One round, however, flew true and clipped her in the neck, just above her collarbone. There was a spray of gore as brown cloth ripped away to reveal a savage, ragged wound. The force of the hit spun Trisha in a full circle as she tumbled to the ground like a crumpled cigarette butt, her hood slipping off in the process. She stared up at me, her brown eyes wide in shock and fear, her tanned skin suddenly waxy and pale, her thin lips quivering, trembling, dotted with bloody phlegm. One hand uselessly clutched at her neck, trying to stop the bleeding, but she knew it was too late for that.

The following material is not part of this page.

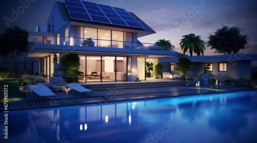 © Iarte, Obraz premium Modern house and swimming pool with solar energy

The terror in her eyes said everything that needed saying.

I was tempted to touch down, to throw myself from the back of the Garuda and go to her. To hold her hand as she bled out. As she died. She’d obviously made a lot of mistakes, but we were still friends, and she didn’t deserve to go alone. No one should have to die by themselves.

But then another Brown-Robe emerged from the opposite side of the clearing, clawing a ginormous hunk of stone from the ground with a carload of Vis, then hurling the thing at me with bone-crushing force.

“Just go,” Ferraro hollered, taking aim at the shadowy mage and popping off several rounds from the launcher. “Get Ong. We’ll rendezvous at the pyramid.”

I nodded, pulling my beast into a sharp climb, dodging the stone by a hairsbreadth. “Be safe,” I shouted back to Ferraro, who was already slipping away, finding concealment and cover while she laid down suppressive fire. My eye lingered on Trisha Galindo’s motionless body. It was stained with blood. It’d been me or her. Her or Ferraro. Still, looking at her hurt my heart. She’d forced my hand, but that didn’t change what I’d done.